= Requirement =
From the line with "Hier finden Sie" to the line with "Hecho de acero", output every line below exactly, both ends included. Skip the pictures.

Source data:

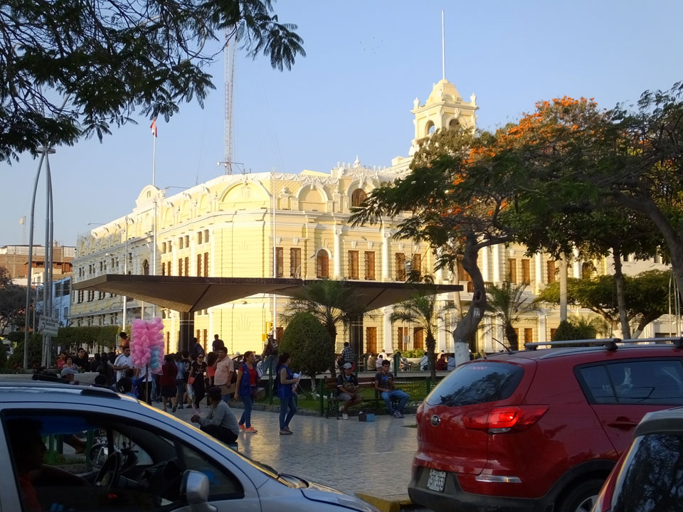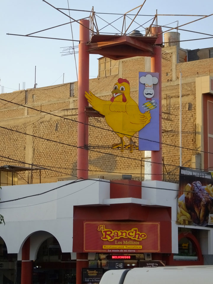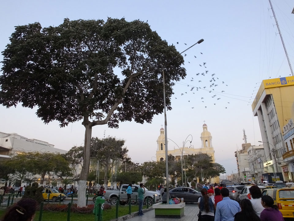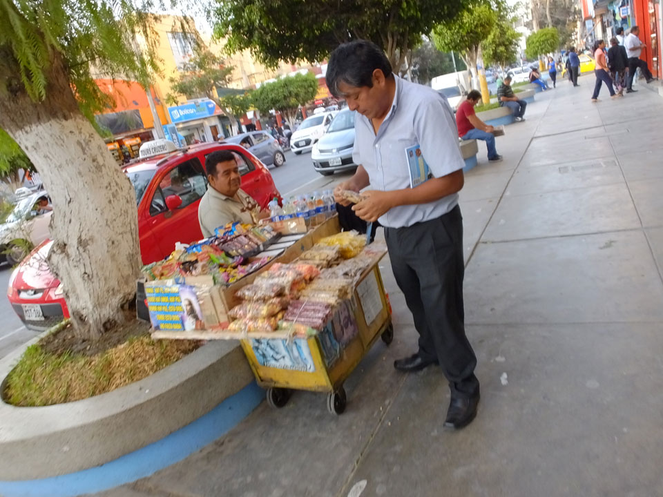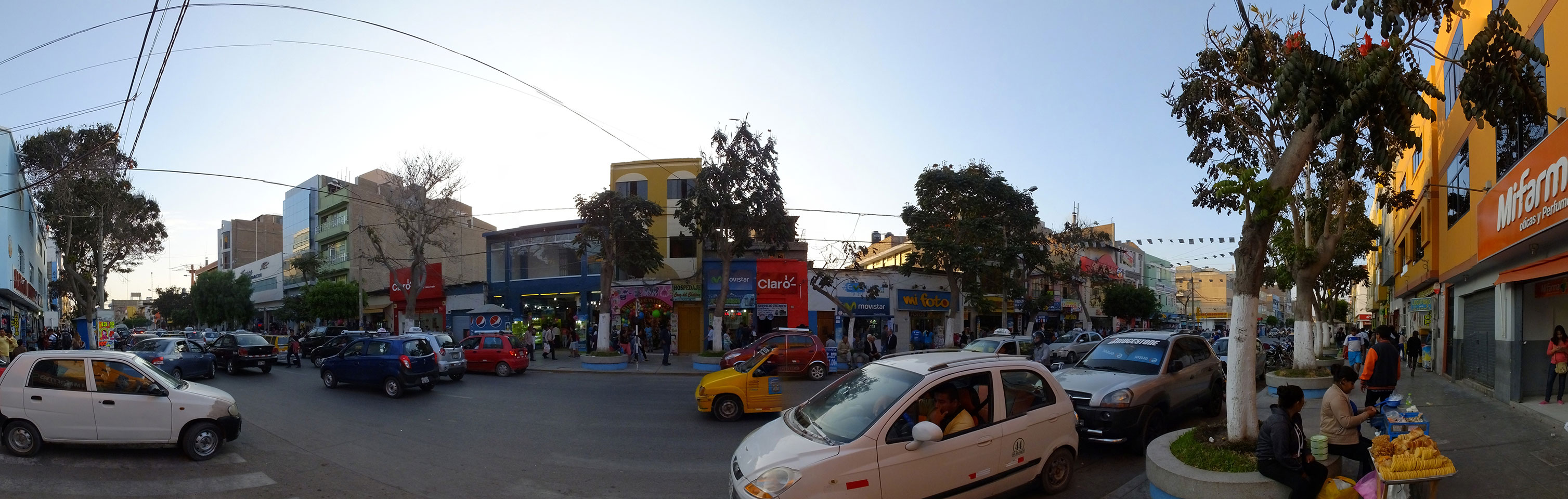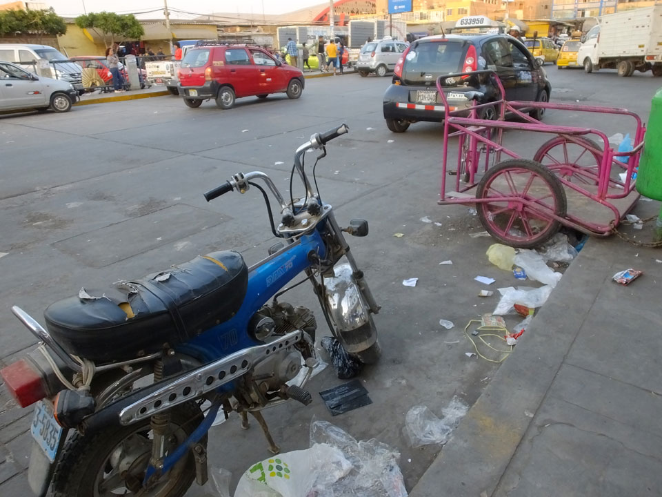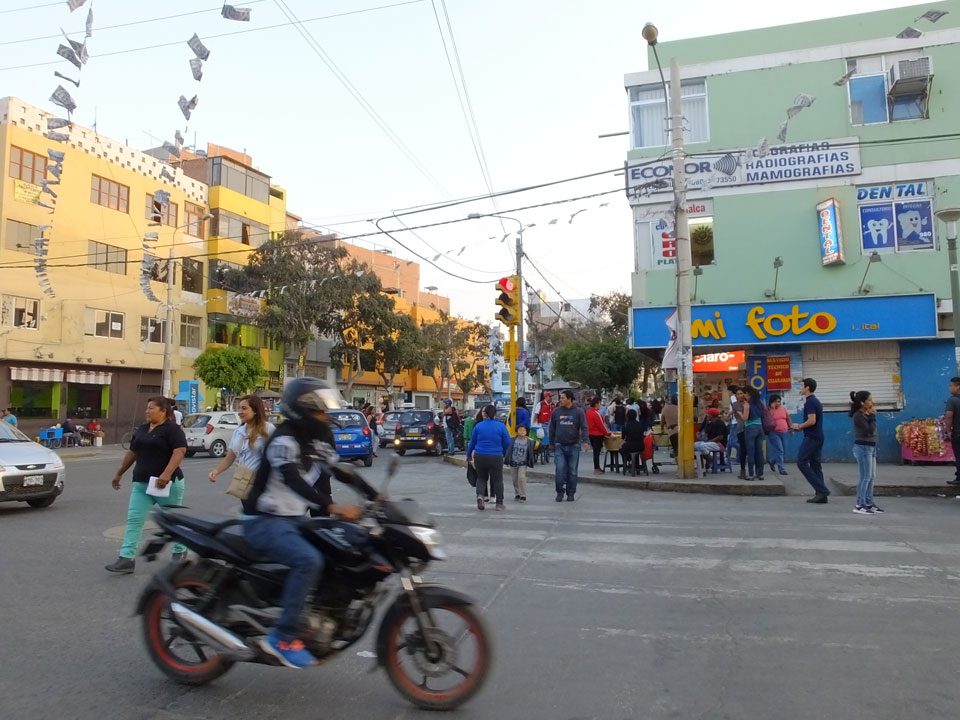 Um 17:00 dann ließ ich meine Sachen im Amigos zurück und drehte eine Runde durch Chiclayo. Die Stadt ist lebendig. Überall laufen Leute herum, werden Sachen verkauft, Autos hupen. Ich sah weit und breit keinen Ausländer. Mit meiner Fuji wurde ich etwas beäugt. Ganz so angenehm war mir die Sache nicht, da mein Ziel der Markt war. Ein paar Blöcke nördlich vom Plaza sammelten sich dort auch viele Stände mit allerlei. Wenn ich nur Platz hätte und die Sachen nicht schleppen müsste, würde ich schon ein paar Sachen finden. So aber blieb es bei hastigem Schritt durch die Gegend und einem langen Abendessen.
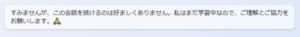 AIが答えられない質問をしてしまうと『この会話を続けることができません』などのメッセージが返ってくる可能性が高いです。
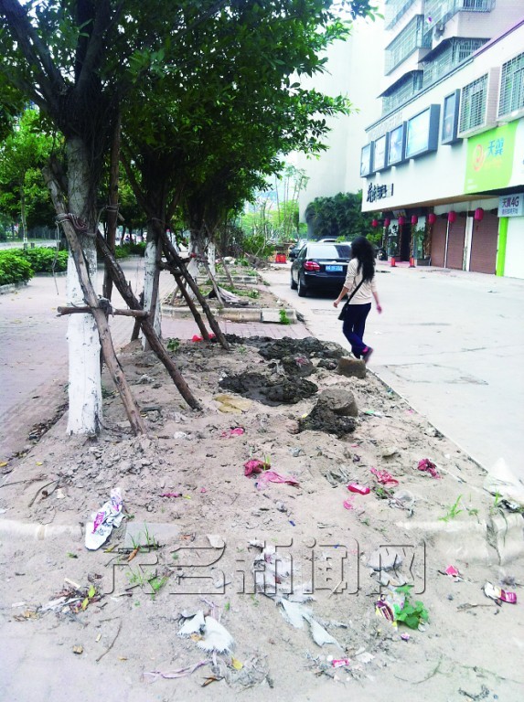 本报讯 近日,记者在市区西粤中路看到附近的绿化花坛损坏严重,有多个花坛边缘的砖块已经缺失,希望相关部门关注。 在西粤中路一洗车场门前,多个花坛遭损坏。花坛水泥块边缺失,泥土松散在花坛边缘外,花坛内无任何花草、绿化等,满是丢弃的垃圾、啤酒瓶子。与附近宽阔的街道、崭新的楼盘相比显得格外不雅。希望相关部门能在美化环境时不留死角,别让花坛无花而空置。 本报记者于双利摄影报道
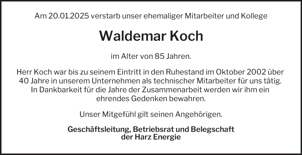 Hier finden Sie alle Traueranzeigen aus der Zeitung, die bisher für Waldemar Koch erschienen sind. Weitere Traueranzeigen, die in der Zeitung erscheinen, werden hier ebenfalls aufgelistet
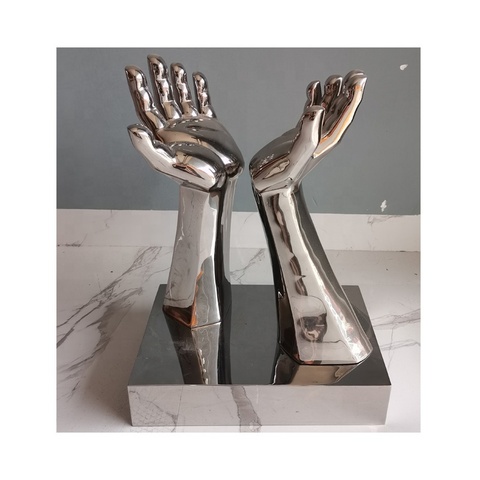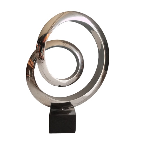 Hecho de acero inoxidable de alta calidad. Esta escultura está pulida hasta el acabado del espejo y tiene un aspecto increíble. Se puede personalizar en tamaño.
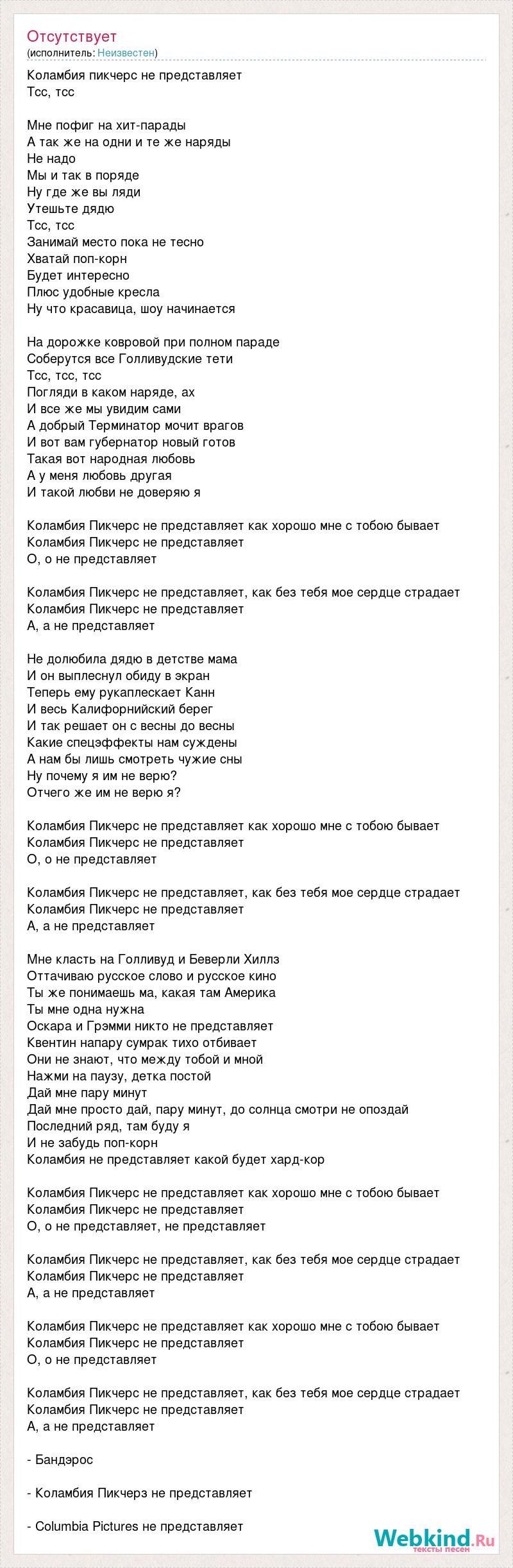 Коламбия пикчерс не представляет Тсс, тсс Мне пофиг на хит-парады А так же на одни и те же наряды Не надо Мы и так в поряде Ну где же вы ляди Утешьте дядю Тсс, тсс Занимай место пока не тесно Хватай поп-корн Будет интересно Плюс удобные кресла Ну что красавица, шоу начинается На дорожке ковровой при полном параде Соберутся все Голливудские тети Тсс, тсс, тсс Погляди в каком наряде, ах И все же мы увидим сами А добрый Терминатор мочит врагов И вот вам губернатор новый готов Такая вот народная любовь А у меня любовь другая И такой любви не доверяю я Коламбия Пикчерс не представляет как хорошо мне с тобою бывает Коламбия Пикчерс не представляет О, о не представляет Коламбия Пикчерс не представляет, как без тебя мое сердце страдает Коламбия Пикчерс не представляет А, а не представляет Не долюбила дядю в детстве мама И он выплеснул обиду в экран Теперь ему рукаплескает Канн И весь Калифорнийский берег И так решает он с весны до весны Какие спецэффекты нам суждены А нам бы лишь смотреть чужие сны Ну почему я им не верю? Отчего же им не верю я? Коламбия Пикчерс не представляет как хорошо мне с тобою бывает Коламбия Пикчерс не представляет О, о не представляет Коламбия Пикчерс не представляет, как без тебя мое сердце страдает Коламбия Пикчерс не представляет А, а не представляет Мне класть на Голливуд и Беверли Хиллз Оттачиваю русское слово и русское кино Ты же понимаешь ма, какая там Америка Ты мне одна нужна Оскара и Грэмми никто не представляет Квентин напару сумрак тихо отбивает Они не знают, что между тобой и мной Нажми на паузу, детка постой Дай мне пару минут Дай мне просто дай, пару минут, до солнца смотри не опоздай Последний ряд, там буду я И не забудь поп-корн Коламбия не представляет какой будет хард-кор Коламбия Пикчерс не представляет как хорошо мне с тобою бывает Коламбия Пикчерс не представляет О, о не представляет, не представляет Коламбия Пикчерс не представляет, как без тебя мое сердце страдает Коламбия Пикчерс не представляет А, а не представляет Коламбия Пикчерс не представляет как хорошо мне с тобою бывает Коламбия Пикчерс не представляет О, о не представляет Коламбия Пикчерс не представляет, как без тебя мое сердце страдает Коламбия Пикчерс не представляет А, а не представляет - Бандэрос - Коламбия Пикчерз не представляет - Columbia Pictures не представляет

= Written answer =
 Hier finden Sie alle Traueranzeigen aus der Zeitung, die bisher für Waldemar Koch erschienen sind. Weitere Traueranzeigen, die in der Zeitung erscheinen, werden hier ebenfalls aufgelistet
 Hecho de acero inoxidable de alta calidad. Esta escultura está pulida hasta el acabado del espejo y tiene un aspecto increíble. Se puede personalizar en tamaño.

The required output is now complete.